**What is needed:** Nothing but the pictures should be left out when the entries below are duplicated.

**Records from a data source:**
________________________________________

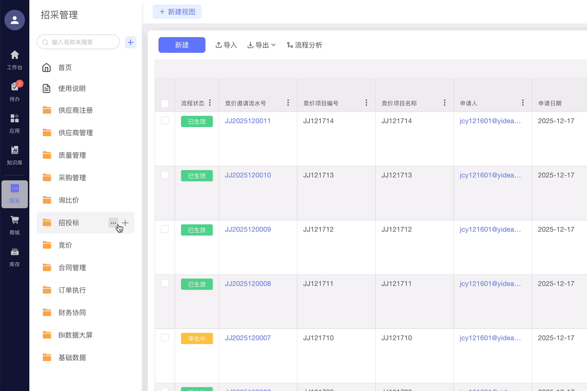 供应商、询比价、竞价、招投标、合同订单等模块随心选择,自定义权限控制,实现功能增删改;
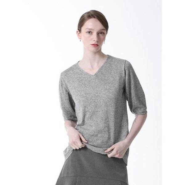 ชุดเสื้อสเวตเตอร์ผ้าลินินผสมยี่ห้อ TV สำหรับผู้หญิงชุดเสื้อถักแขนสั้นคอวีแบบซักได้4ชิ้น
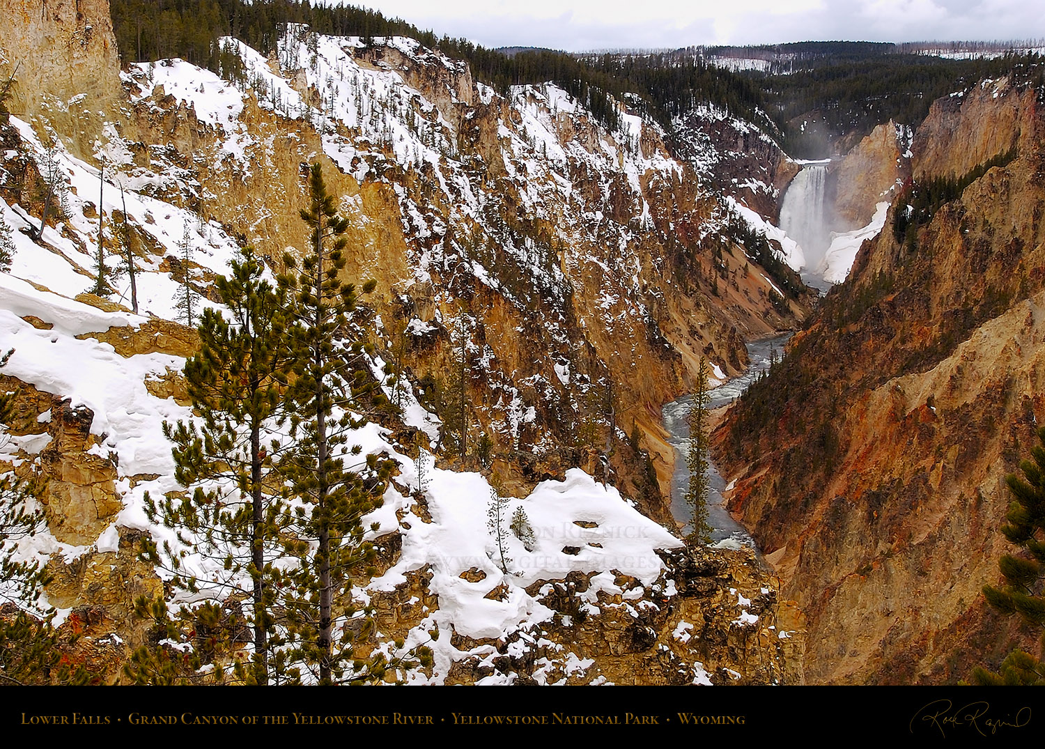 The Grand Canyon of the Yellowstone and the Lower Falls, from Artist Point in late winter.
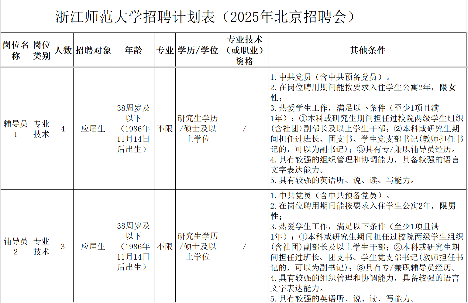 现场报名:11月17日—11月21日,每天上午9:00—11:30,下午14:00—16:30于北京友谊宾馆怡宾楼大厅;11月22日上午8:30-10:30于“才聚浙江—2025北京高层次人才洽谈会”现场
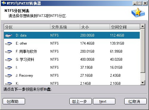 2、NTFS与FAT32分区间无损数据地互转。
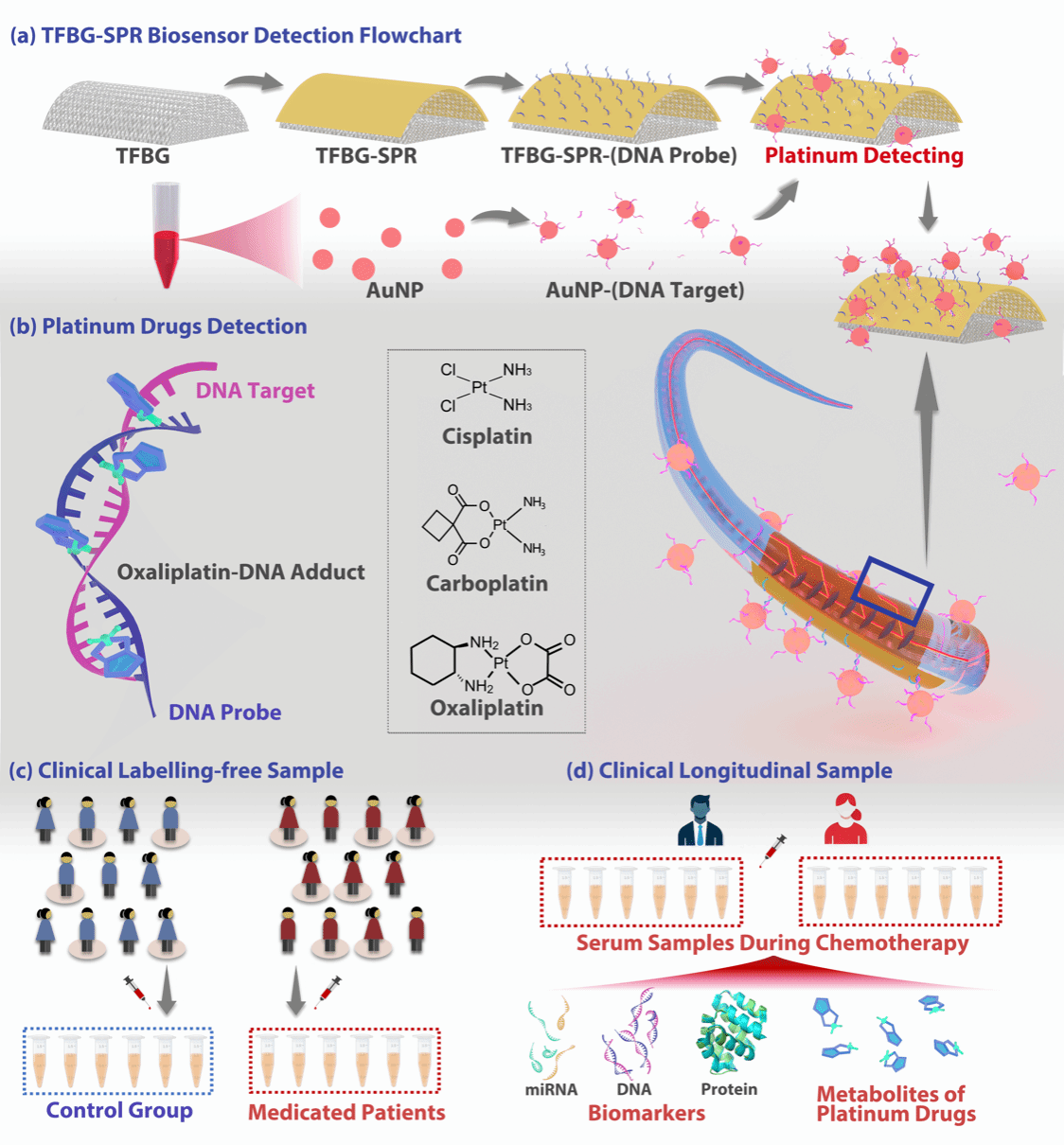 问鼎网中国先进光学与光纤传感彭伟教授课题组与大连理工大学附属肿瘤医院(辽宁省肿瘤医院)检测科、神经外科、妇科展开深度合作,以倾斜光纤布拉格光栅表面等离子共振 (TFBG -SPR) 技术的光纤传感元件为核心,结合DNA靶向捕获探针,实现了临床铂类化疗物的高特异性、超痕量POCT检测,为化疗过程中铂药的药代动力学分析提供了有效方案;另外同步开展癌症标志性核酸序列miRNA-21的多组学分析,最终服务于精准化疗的、管理与个体化治疗决策提供动态数据,并首次通过POCT临床快检平台技术发现了铂药和miRNA在预后化疗周期的负相关性。该成果以“Plasmonic Fiber Optic Sensing Platform for Point-of-Care Pharmacokinetic Monitoring of Platinum Chemotherapeutics: Toward Ultra-trace Multi-Omics Precision Chemotherapy Management”为题发表于ACS Sensors,第一作者为问鼎网中国博士研究生段怡凡,通讯作者为问鼎网中国张扬副教授、辽宁省肿瘤医院检测科主任郑阳医生以及结直肠科李永民医生。

________________________________________

**Response:**
 供应商、询比价、竞价、招投标、合同订单等模块随心选择,自定义权限控制,实现功能增删改;
 ชุดเสื้อสเวตเตอร์ผ้าลินินผสมยี่ห้อ TV สำหรับผู้หญิงชุดเสื้อถักแขนสั้นคอวีแบบซักได้4ชิ้น
 The Grand Canyon of the Yellowstone and the Lower Falls, from Artist Point in late winter.
 现场报名:11月17日—11月21日,每天上午9:00—11:30,下午14:00—16:30于北京友谊宾馆怡宾楼大厅;11月22日上午8:30-10:30于“才聚浙江—2025北京高层次人才洽谈会”现场
 2、NTFS与FAT32分区间无损数据地互转。
 问鼎网中国先进光学与光纤传感彭伟教授课题组与大连理工大学附属肿瘤医院(辽宁省肿瘤医院)检测科、神经外科、妇科展开深度合作,以倾斜光纤布拉格光栅表面等离子共振 (TFBG -SPR) 技术的光纤传感元件为核心,结合DNA靶向捕获探针,实现了临床铂类化疗物的高特异性、超痕量POCT检测,为化疗过程中铂药的药代动力学分析提供了有效方案;另外同步开展癌症标志性核酸序列miRNA-21的多组学分析,最终服务于精准化疗的、管理与个体化治疗决策提供动态数据,并首次通过POCT临床快检平台技术发现了铂药和miRNA在预后化疗周期的负相关性。该成果以“Plasmonic Fiber Optic Sensing Platform for Point-of-Care Pharmacokinetic Monitoring of Platinum Chemotherapeutics: Toward Ultra-trace Multi-Omics Precision Chemotherapy Management”为题发表于ACS Sensors,第一作者为问鼎网中国博士研究生段怡凡,通讯作者为问鼎网中国张扬副教授、辽宁省肿瘤医院检测科主任郑阳医生以及结直肠科李永民医生。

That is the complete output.